Puntualmente, el agronegocio ha mostrado que es capaz de avanzar sin miramientos. Las imágenes del Amazonas quemándose en Brasil y Bolivia, o de los bosques cordobeses, con el fuego permanente que ha llevado a la desaparición de más del 70% del bosque nativo en Argentina, nos muestran que con los cultivos de agroexportación sólo podemos esperar la destrucción de nuestros lugares de vida, o luchar para transformar drásticamente la realidad. El genocidio al que nos quieren condenar con el paquete tecnológico a causa del uso de agrotóxicos y semillas transgénicas, nos muestra que no retrocede ni siquiera ante nuestra salud y nuestros cuerpos. Y todo esto sólo puede llevarse adelante con el aval del Estado, que permite que sicarios y patotas que responden al empresariado violenten a las comunidades campesinas y a las poblaciones en lucha, pero también con la represión directa en manos del mismo Estado.

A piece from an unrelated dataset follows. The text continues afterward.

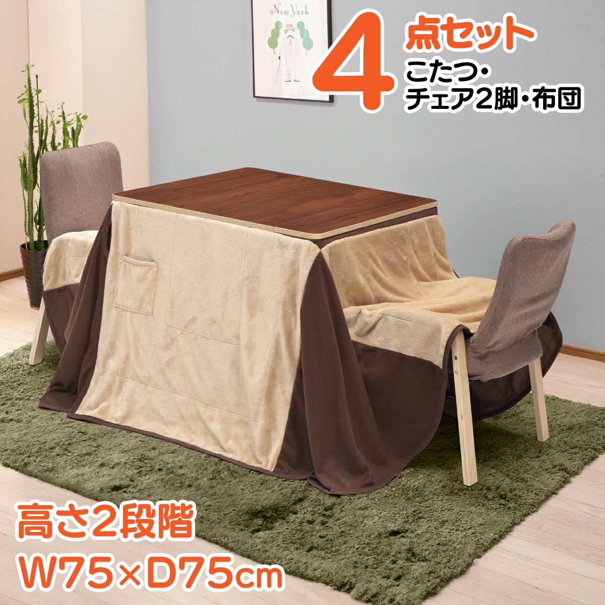 ■サイズ こたつ:W750×D750×H400/670mm チェア:W530×D430×H730mm 座面高:100/390mm ■商品重量 32kg ■耐荷重 20kg ■梱包サイズ 梱包1:W790×D790×H170mm 梱包2:W900×D440×H260mm ■梱包重量 35.5kg ■カラー ナチュラル/ダークブラウン ■材質 【こたつ】 天板:メラミン化粧板 脚:積層合板 ヒーター:U字形石英管ヒーター(MH-303H、定格電圧:消費電力300W) 布団:フランネル生地 ポリエステル100% フラップ部分 フリース ポリエステル100% 【チェア】 張地:ファクブリック(ポリエステル100%) ウレタン、鉄フレーム 脚:積層合板 ■機能 テーブル:高さ2段階調整、リバーシブル仕様(NA/DBR) ヒーター:中間スイッチ付、可変式サーモスタット機能 こたつ布団:リバーシブル仕様(BE/DBR) チェア:高さ2段階調整、3段階リクライニング ■組立有無 有り(組立品)※お客様組立の商品です。 ■配送 エレベーターなしの場合、別途階段上げ料が発生します。また、配送の時間指定は出来ません。ご了承ください。メーカー在庫品の為、取寄元の在庫が品切れの場合は、注文をキャンセルさせていただきます。 ■注意事項 この商品は大川民芸家具ではございません。予めご了承ください。 ■備考 こたつ、こたつ布団、チェア2脚のセット商品です。

Y como con la represión y amenazas no les alcanza, hoy tenemos al agronegocio inserto en las universidades públicas, manejando planes de estudios e investigaciones. Pero eso no es todo: también los tenemos en las escuelas difundiendo una de sus grandes mentiras, las “Buenas prácticas agrícolas”, que nos quiere vender que si el veneno se usa correctamente, mágicamente dejará de ser veneno.

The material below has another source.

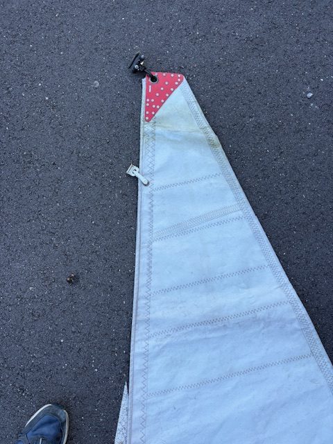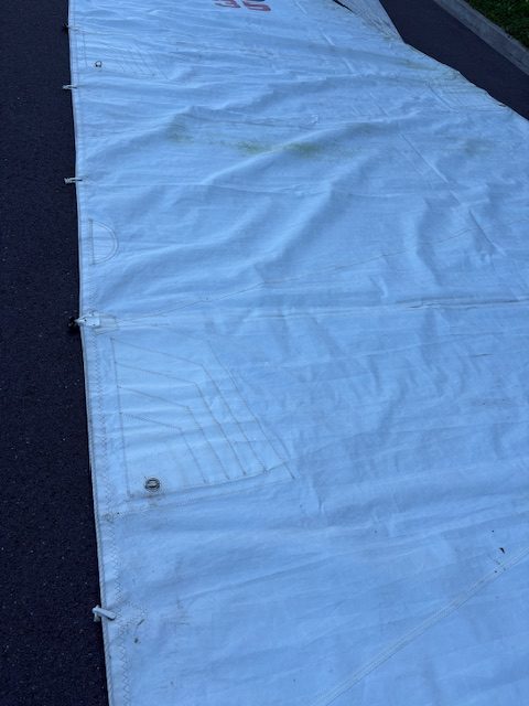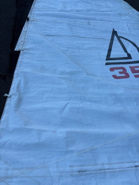 Vela mayor de dacrón de buena calidad que necesita lavarse; sables completos; carros de sables fijados; 3 rizos; ex Dehler 35

Este modelo no busca producir alimentos sino ganancias. El capitalismo no habilitará a una producción democrática y soberana de alimentos, sino que tenderá constantemente al control concentrado de comida. Por eso, uno de los grandes problemas a atacar es el discurso de que es posible la coexistencia de estas dos formas de producir. Es evidente que NO PUEDEN COEXISTIR, porque en su necesidad de generar ganancias la producción de granos para commodities arrasa con TODO.

Nos quieren convencer de que para paliar la crisis “mejor alguito que nada”, que aceptemos lo que hay, nos llenemos las panzas y después discutamos qué futuro queremos. Pero el futuro se construye ahora. Y DEBEMOS exigir que no se nos impongan soluciones a medias tintas. Porque esas “soluciones” ya han demostrado que no resuelven nada, los parches de corto plazo nos vuelven a llevar, menos de dos décadas después, al mismo punto de partida.

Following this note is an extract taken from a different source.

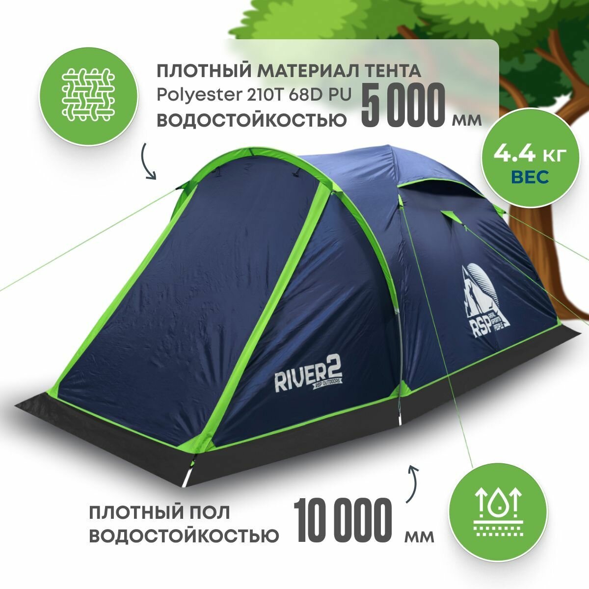Палатка 2-х местная RSP River 2 (цв. синий), 2 тамбура, водонепроницаемость — 5000 мм.: сравнение цен, характеристики, фото, актуальное наличие и цены.

Estamos convencidos/as que las propuestas políticas de salida capitalista son un callejón sin salida que nos expone a más hambre, enfermedades y a la desaparición de nuestros espacios de vida. Si la política de Estado es el agronegocio, la agroecología estatal no pasará de ser un maquillaje, un engaño.

Por eso venimos construyendo las herramientas para dar un debate EN SERIO sobre cuál queremos que sea la salida a esta crisis.

Hoy, más que nunca, el reclamo de una Soberanía Alimentaria de los Pueblos es fundamental. La necesidad de la distribución de tierras, la libre circulación de las semillas, la protección de las producciones agroecológicas, la decisión de productores y productoras y consumidores y consumidoras de cuáles queremos que sean nuestros alimentos y cómo queremos producirlos son aspectos centrales para pensar el presente y el futuro. Y desde ahí nos paramos para dar la pelea en todo ámbito de disputa, porque sabemos que tarde o temprano venceremos, como ganó el pueblo de Malvinas Argentinas en Córdoba, echando a Monsanto. Para ello es central la unidad de quienes luchamos.

Nos mueve la convicción de que NO HAY SOBERANÍA ALIMENTARIA POSIBLE SI HAY AGRONEGOCIO

Multisectorial contra el Agronegocio – la 41

MAIZ (Movimiento Amplio de Izquierda) 

SUBVERSIÓN

  

1 comentario:

  1. Acuerdo con la descripción, el recorrido histórico de como se fue profundizando la crisis alimentaria, afectando la salud de las comunidades por este modo productivo que todavía no se puede erradicar. Aunque también podemos recuperar a los grupos y comunidades que realizamos otras prácticas. Estamos creciendo, y a eso hay que darle valor. Estamos participando, movilizandonos, informando, vinculandobos, aprendiendo.